About this task:
Using the listing below, retype only the lines from the line with "1. 查閱Regulation on" through the end, both ends included, and exclude the pictures.

================

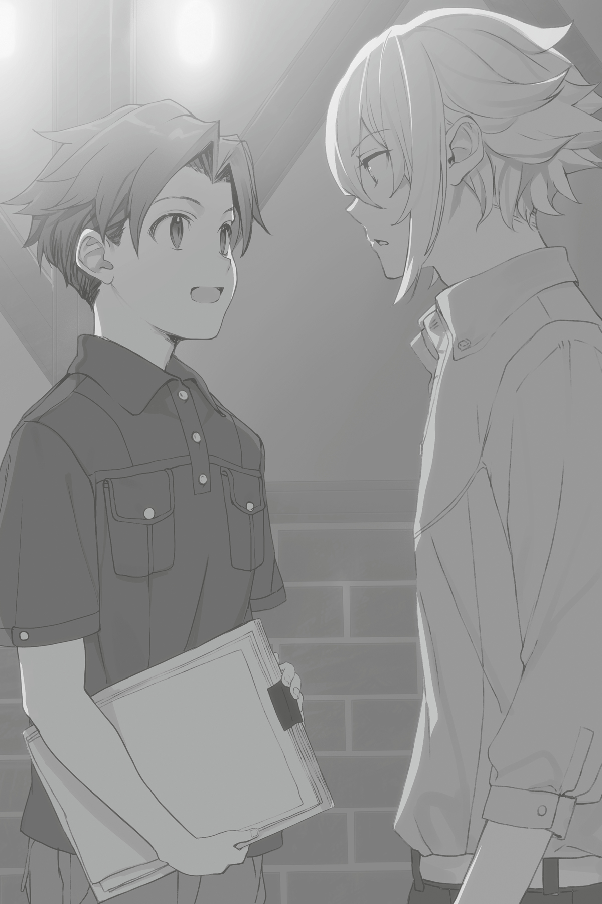 Theo berjalan melalui koridor ini sendirian setelah lampu padam. Dia bertemu dengan Rito, yang meninggalkan apa yang tampak seperti kantor dengan seikat buklet kertas tipis di bawah lengannya.
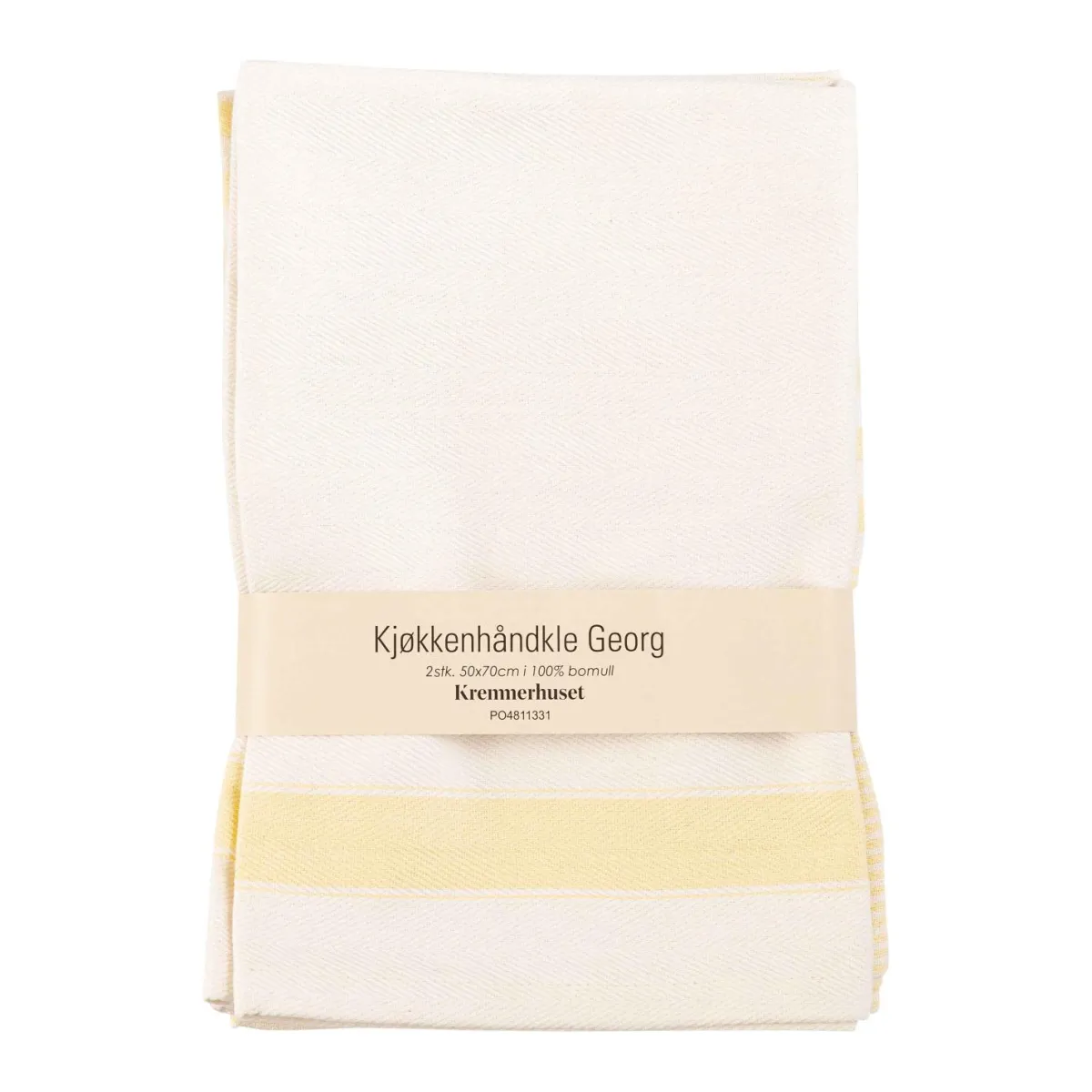 To kjøkkenhåndklær i et harmonisk design med delikate striper og ensfargede detaljer. Perfekt for å gi kjøkkenet et løft samtidig som de er praktiske i bruk. Kombiner med matchende spisebrikker eller løpere for et gjennomført uttrykk ved middagsbordet.
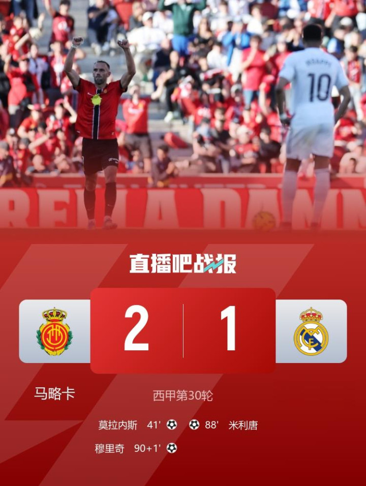 爆冷!皇马1-2遭马略卡绝杀皇马各赛事5连胜已矣、过期榜首7分
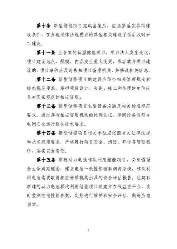 第三條 新型儲能項目管理堅持安全第一、規(guī)范管理、積極穩(wěn)妥原則,包括規(guī)劃布局、備案要求、項目建設、并網(wǎng)接入、調(diào)度運行、監(jiān)測監(jiān)督等環(huán)節(jié)管理。
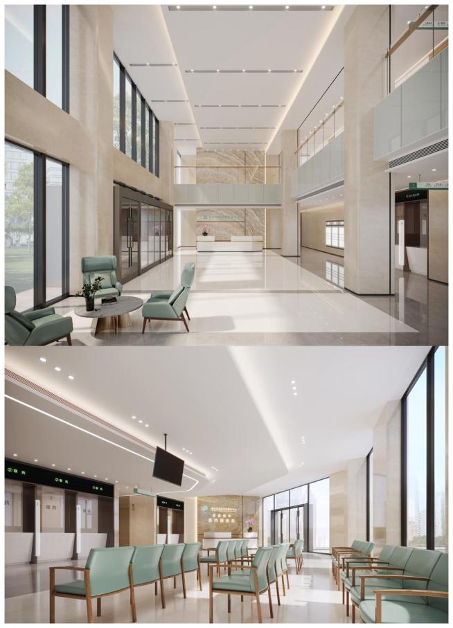 ☑ 设置北、西、南三组共7台电梯,层层开辟多个候诊大厅,建立清晰的导向标识,实现人员有序分流;
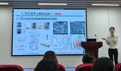 针对上述挑战,阚雨菲系统介绍了其团队在“共交联树脂增效改性”领域的创新研究工作。研究围绕可降解生物基胶粘剂的技术创新与成果转化,通过共交联树脂的结构设计与界面调控,实现了生物基复合材料力学性能、耐水性与稳定性的协同提升,为生物基材料在高端领域的应用提供了技术支撑。报告中重点展示了团队研发的高效低成本生物基胶粘剂,相关产品已实现规模化应用,充分展现了基础研究向产业转化的落地潜力。
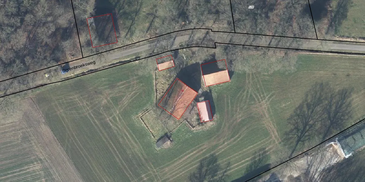 Het perceel waarop Berenbroeksweg 70 staat heeft een oppervlakte van 2,8 ha. Dit is een zeer groot perceel. De perceeloppervlakte wordt geregistreerd door het Kadaster. Gedetailleerde informatie over de maten van dit perceel kunt u vinden in het rapport Kadastrale kaart met maatvoering van Berenbroeksweg 70.
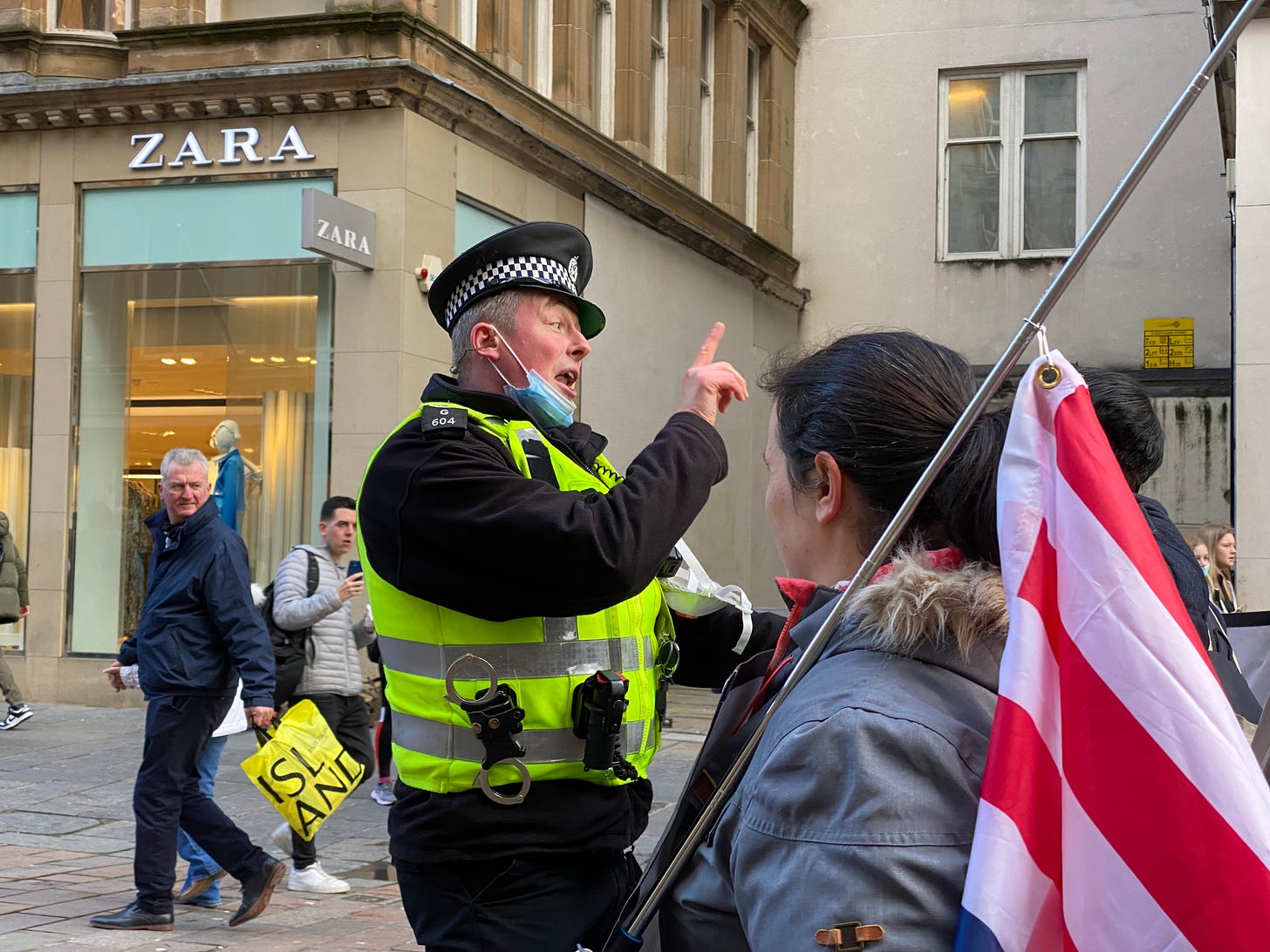 14 July 2021. A masked policeman arrests someone in St Enoch Square.
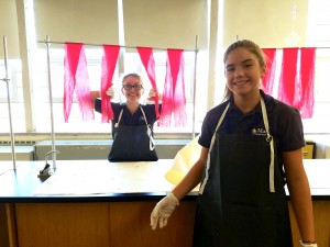 - (IMG 4215) Junior high students Loreali Gandolf Glover and Grayce Young work in their science lab.
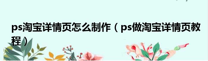 ps淘宝详情页怎么制作(ps做淘宝详情页教程)
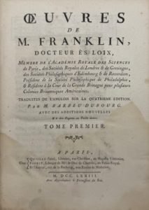 FRANKLIN (Benjamin) — Œuvres traduites de l’Anglois sur la quatrième édition par M. Barbeu Dubourg, avec des additions nouvelles et des figures en taille-douce.
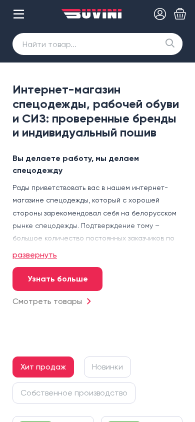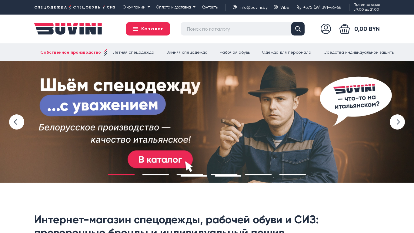 SEO-описаниеКаталог спецодежды, СИЗ и спецобуви в интернет-магазине «Бувини» ⭐ Доставка по всей Беларуси. Постоянные скидки. ✅ Гарантия качества. Дистрибьюция лучших брендов. Собственное производство. Оптом и в розницу. Цены без посредников. Профессиональная консультация.
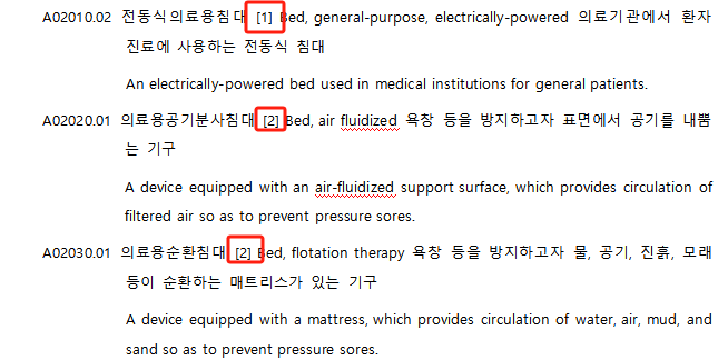 1. 查閱Regulation on Medical Device Groups and Class by Group的Attachment,法規(guī)中規(guī)定了分類規(guī)則以及產(chǎn)品的代碼和風(fēng)險(xiǎn)等級(jí),可以根據(jù)產(chǎn)品定義/用途等判斷產(chǎn)品的等級(jí),我們隨附了示例圖,紅框的數(shù)字為產(chǎn)品的風(fēng)險(xiǎn)等級(jí)。 2. 在韓國(guó)已注冊(cè)產(chǎn)品的數(shù)據(jù)庫(kù)(可聯(lián)系我們獲取鏈接)中,用產(chǎn)品名稱(英文/韓文)進(jìn)行檢索,查找類似產(chǎn)品在MFDS中的分類。 上述方法需一并查詢以確定產(chǎn)品在韓國(guó)的分類。當(dāng)然,您也可以直接聯(lián)系我們幫您查詢~
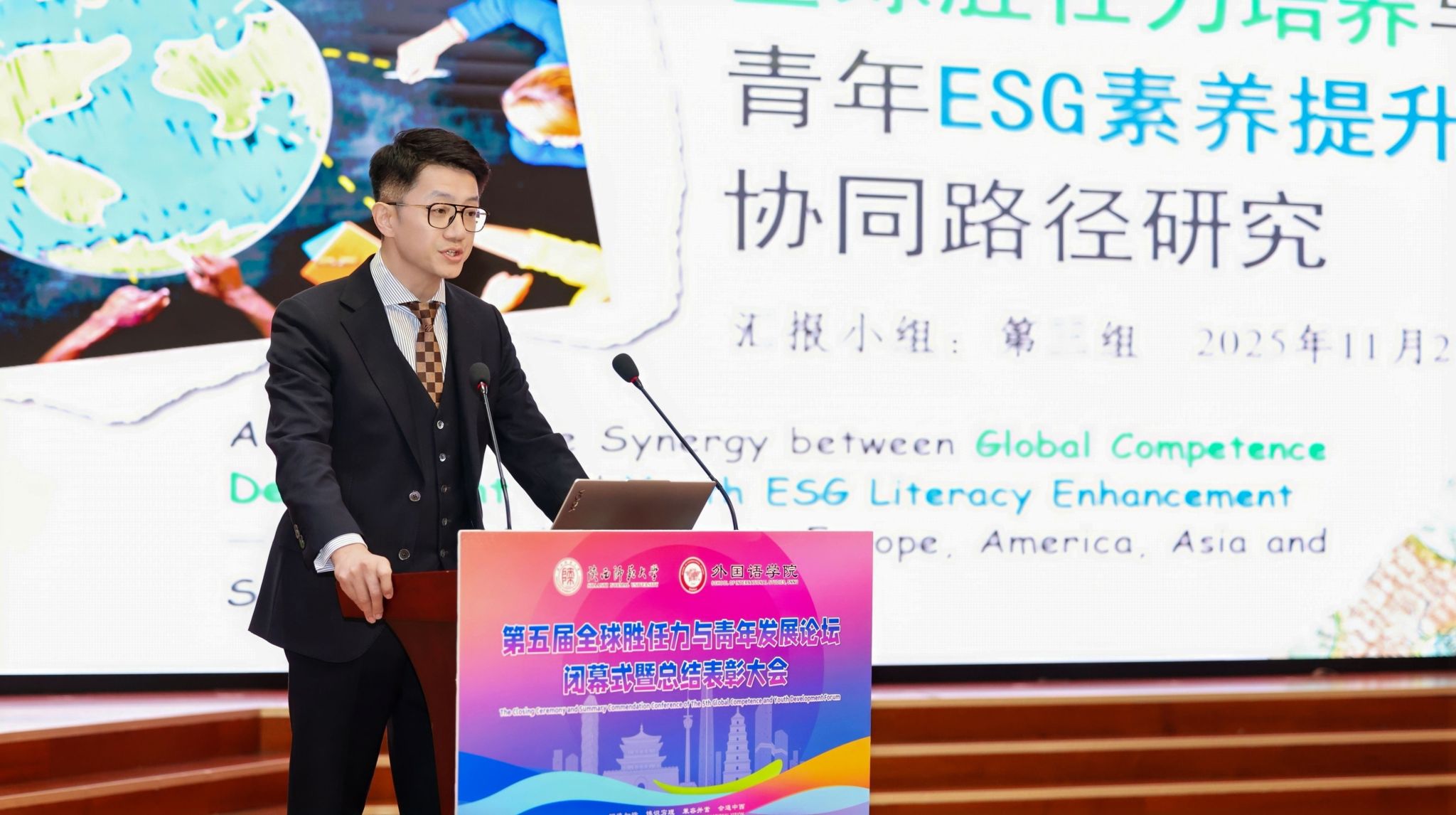2022级英语专业本科生齐文清代表第三小组汇报题为《全球胜任力培养与青年ESG素养提升的协同路径研究》的报告。指导老师李涛点评,协同路径的研究回应了企业的迫切需求,即寻找既懂专业、又具备可持续发展思维的复合型人才,他鼓励同学们培养跨界思考能力,从而在未来发展中占据独特优势。

================

Solution:
 1. 查閱Regulation on Medical Device Groups and Class by Group的Attachment,法規(guī)中規(guī)定了分類規(guī)則以及產(chǎn)品的代碼和風(fēng)險(xiǎn)等級(jí),可以根據(jù)產(chǎn)品定義/用途等判斷產(chǎn)品的等級(jí),我們隨附了示例圖,紅框的數(shù)字為產(chǎn)品的風(fēng)險(xiǎn)等級(jí)。 2. 在韓國(guó)已注冊(cè)產(chǎn)品的數(shù)據(jù)庫(kù)(可聯(lián)系我們獲取鏈接)中,用產(chǎn)品名稱(英文/韓文)進(jìn)行檢索,查找類似產(chǎn)品在MFDS中的分類。 上述方法需一并查詢以確定產(chǎn)品在韓國(guó)的分類。當(dāng)然,您也可以直接聯(lián)系我們幫您查詢~
2022级英语专业本科生齐文清代表第三小组汇报题为《全球胜任力培养与青年ESG素养提升的协同路径研究》的报告。指导老师李涛点评,协同路径的研究回应了企业的迫切需求,即寻找既懂专业、又具备可持续发展思维的复合型人才,他鼓励同学们培养跨界思考能力,从而在未来发展中占据独特优势。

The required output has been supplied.